China’s economic planners face several headaches: bursting credit bubbles, slumping housing sales and poor outlooks in exports markets such as the U.S. and Europe. To that list add another concern, the return of labor unrest in manufacturing regions in south China. Factory workers have launched a series of strikes in recent weeks. While the labor actions have yet to cause widespread unrest, they are the most significant since workers at several foreign-owned plants went on strike in the summer of 2010.
Last week workers from the Yucheng Footwear factory in Dongguan, Guangdong, went on strike and are still carry out a work slow-down despite police mobilization, CNN reported. Reuters journalists were blocked by security guards while covering a strike at shoemaker Yue Yuen Industrial Holdings in the Guangdong town of Huangjiang, where thousands of workers took to the streets on Thursday.
These actions have occurred as Chinese manufacturers are facing some of the toughest economic conditions in recent years. HSBC’s China purchasing manager index, a monthly statistic that reflects the volume of orders placed, hit its lowest level in 32 months, according to preliminary numbers released Wednesday. When orders decline, factory bosses often look to cut workers’ overtime, causing a painful hit to their incomes.
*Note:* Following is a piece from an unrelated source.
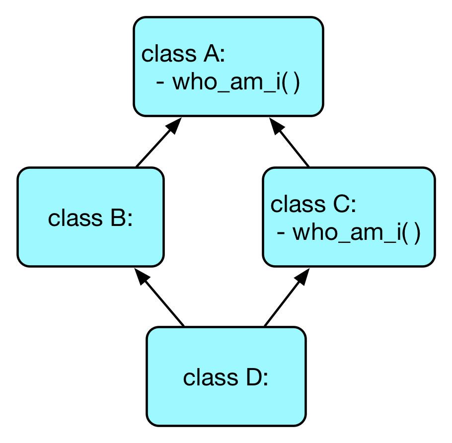 >>> d.who_am_i() I am C >>> D.__mro__ (<class 'test.D'>, <class 'test.B'>, <class 'test.C'>, <class 'test.A'>, <class 'object'>)

“As soon as margins decrease and profitability decreases, the first response of bosses is to squeeze the workforce. It’s the easiest thing they can do,” says Geoffrey Crothall of the China Labour Bulletin, a Hong Kong-based NGO that advocates for independent trade unions. While the rate of inflation has slowed in recent months, workers have still seen significant increases in food and housing costs this year, making any wage cuts that much tougher to bear. “If bosses strip overtime, all they are left with is the basic wage, which is not much more than the minimum wage and that’s not good enough for anybody,” says Crothall. “Minimum wage not living wage by any stretch. It’s a real hit to workers’ pocketbooks.”
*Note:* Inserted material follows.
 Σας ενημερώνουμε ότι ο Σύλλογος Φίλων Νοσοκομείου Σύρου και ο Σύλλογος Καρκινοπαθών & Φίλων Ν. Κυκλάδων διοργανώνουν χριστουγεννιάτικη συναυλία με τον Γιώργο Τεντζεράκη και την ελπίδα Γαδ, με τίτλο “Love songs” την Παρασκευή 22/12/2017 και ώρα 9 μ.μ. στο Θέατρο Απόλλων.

Independent unions aren’t permitted in China, but labor actions are common in factory towns, in part because there are no formal mechanisms for collective bargaining. The ubiquity of cell phones plus advances in social-networking platforms such as the Twitter-like Sina Weibo service make it easier for workers to organize informally, despite official restrictions. And as the labor unrest in 2010 showed, strikes can multiply, particularly if workers at one factory are able to win a significant wage increase.
The cyclical pressures faced by the traditional low-cost manufacturing regions along China’s coast, like Guangdong’s Pearl River Delta, come in addition to longer term burdens. Their price competitiveness has been undercut in recent years by cheaper manufacturing in places with even lower wages, like some parts of Southeast Asia and inland Chinese provinces. That shift is good for China’s economy in the long term, and the central government has identified raising wages and developing an economy that is more reliant on domestic consumption as key goals.
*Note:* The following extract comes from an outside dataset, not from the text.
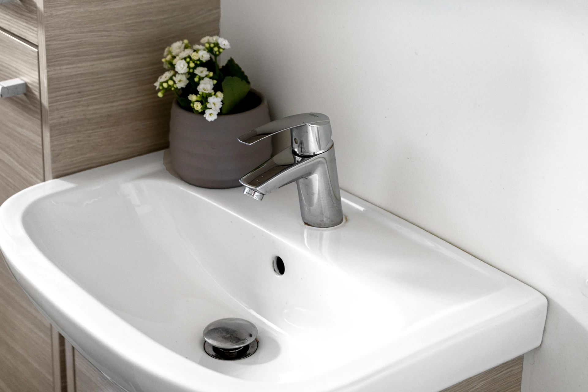 2025 monterades nytt handfat i badrum med dusch.

But the process of getting there will inevitably be painful, and some of the winners in the current economy will lose out. Likewise, workers who see their jobs eliminated or moved to the interior will be upset and worried. “The increased cost of doing business in the Pearl River Delta and the increased cost of living which is leading firms to think about relocating inland, that is causing a degree of uncertainty in workforce,” says Crothall. “Workers don’t know what happen if their firm relocates. Do I sign a new contract? Is it the same as what I’m getting at the moment? If I get laid off will I get compensation? That’s all playing into workers’ mindests.”
For now the likelihood of broader unrest is low. But as the pressures of the slowing global economy grow heavier on China’s manufacturers, the government will have to weigh how willing it is to tolerate the inevitable strife of further economic transition.